In the records below, find the line that contains "珂妮芙兰Kenny Brown 韩国儿童安全剪刀儿童剪纸无刃无尖圆头不伤手幼儿宝宝3-6岁手工小剪刀" and the line that contains "Elegant Pinstripe Butterfly"; write out exactly those two lines and everything between them, without the pictures.
[Data records]
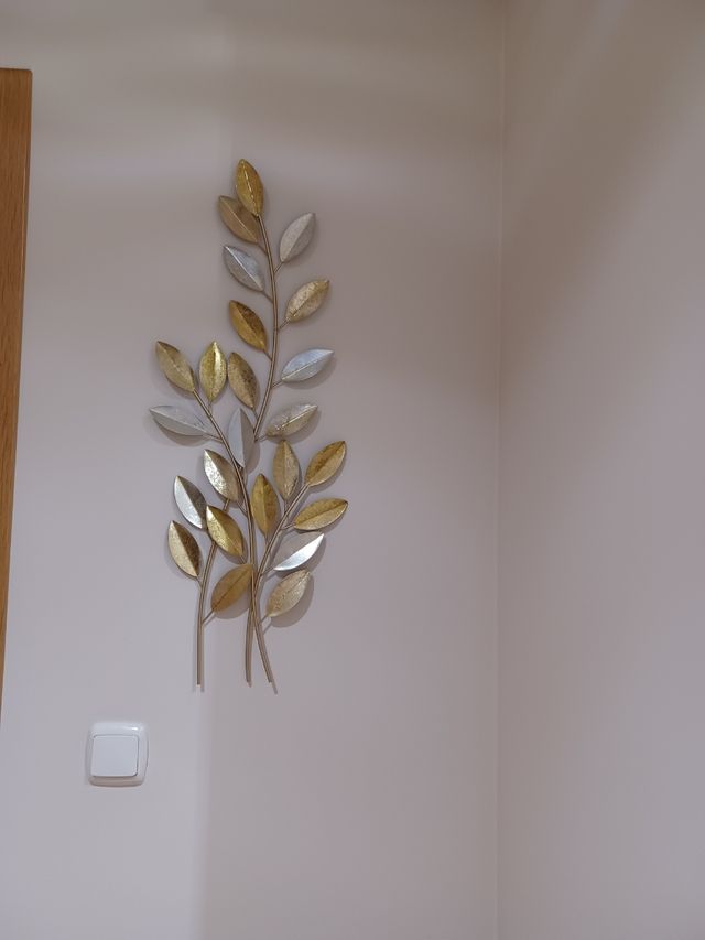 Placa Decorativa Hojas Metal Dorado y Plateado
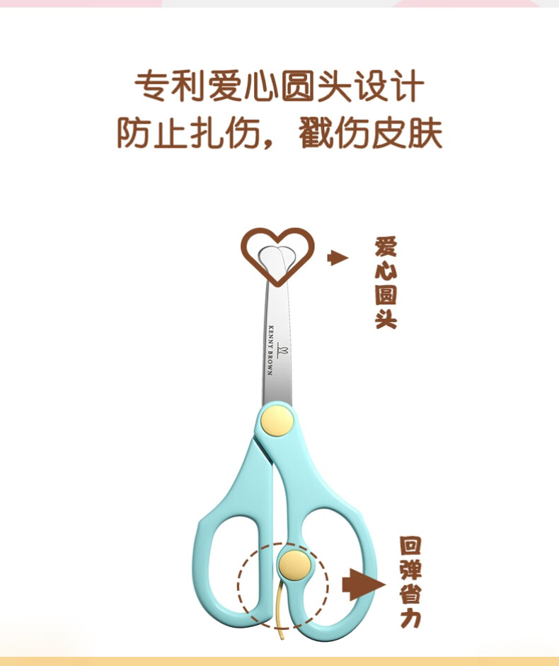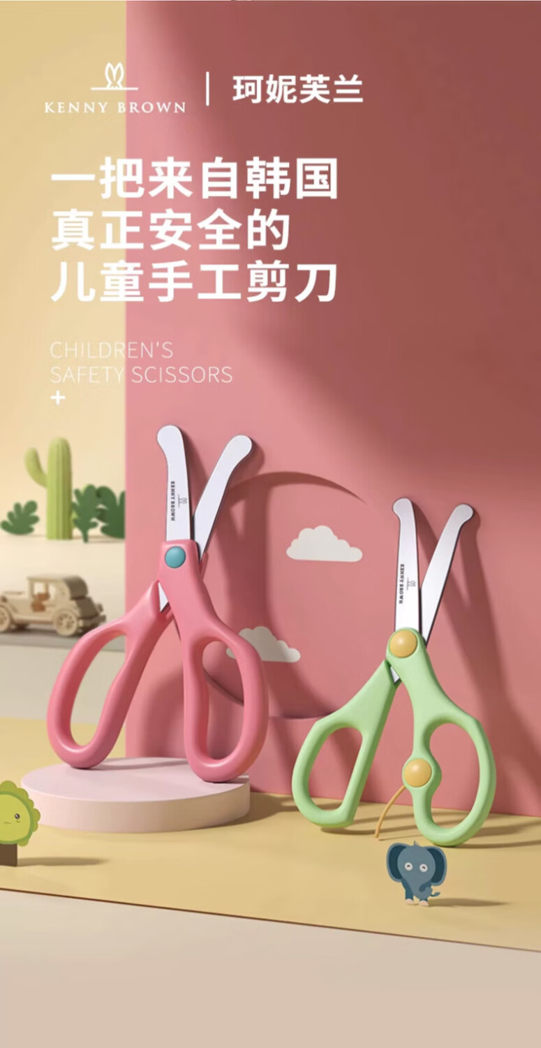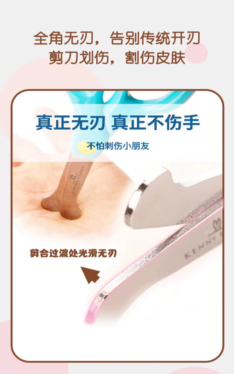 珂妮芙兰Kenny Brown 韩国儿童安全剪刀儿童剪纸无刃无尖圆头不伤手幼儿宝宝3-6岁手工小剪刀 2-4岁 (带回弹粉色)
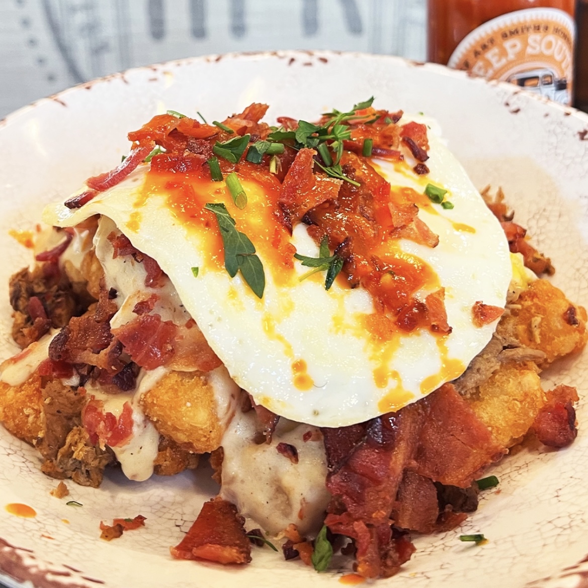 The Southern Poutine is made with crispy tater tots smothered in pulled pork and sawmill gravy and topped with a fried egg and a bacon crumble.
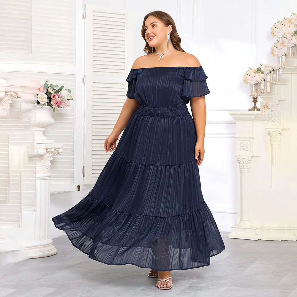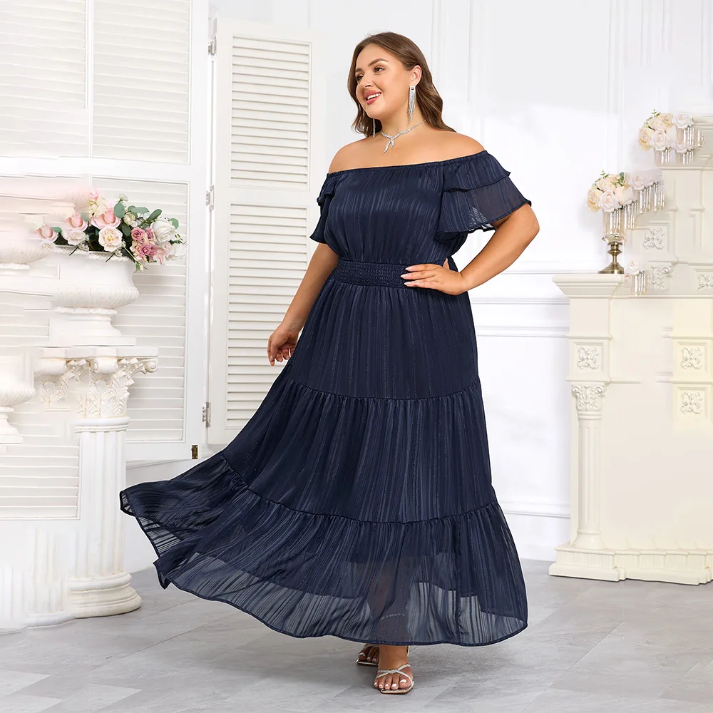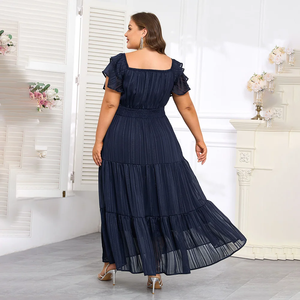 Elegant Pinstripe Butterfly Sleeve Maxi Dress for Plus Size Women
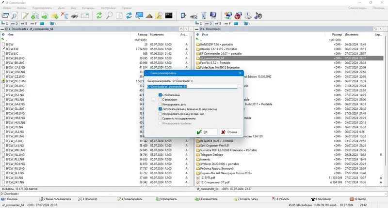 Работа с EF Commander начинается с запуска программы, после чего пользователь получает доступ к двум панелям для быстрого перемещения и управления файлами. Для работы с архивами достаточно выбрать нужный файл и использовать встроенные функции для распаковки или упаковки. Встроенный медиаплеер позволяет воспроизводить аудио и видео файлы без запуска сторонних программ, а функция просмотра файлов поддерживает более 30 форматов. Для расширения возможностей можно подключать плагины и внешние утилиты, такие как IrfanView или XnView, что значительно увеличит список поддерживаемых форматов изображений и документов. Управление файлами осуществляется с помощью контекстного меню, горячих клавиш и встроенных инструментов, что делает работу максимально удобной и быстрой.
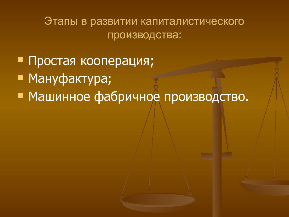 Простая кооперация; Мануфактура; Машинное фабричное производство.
[/Data records]
Response area.
 珂妮芙兰Kenny Brown 韩国儿童安全剪刀儿童剪纸无刃无尖圆头不伤手幼儿宝宝3-6岁手工小剪刀 2-4岁 (带回弹粉色)
 The Southern Poutine is made with crispy tater tots smothered in pulled pork and sawmill gravy and topped with a fried egg and a bacon crumble.
 Elegant Pinstripe Butterfly Sleeve Maxi Dress for Plus Size Women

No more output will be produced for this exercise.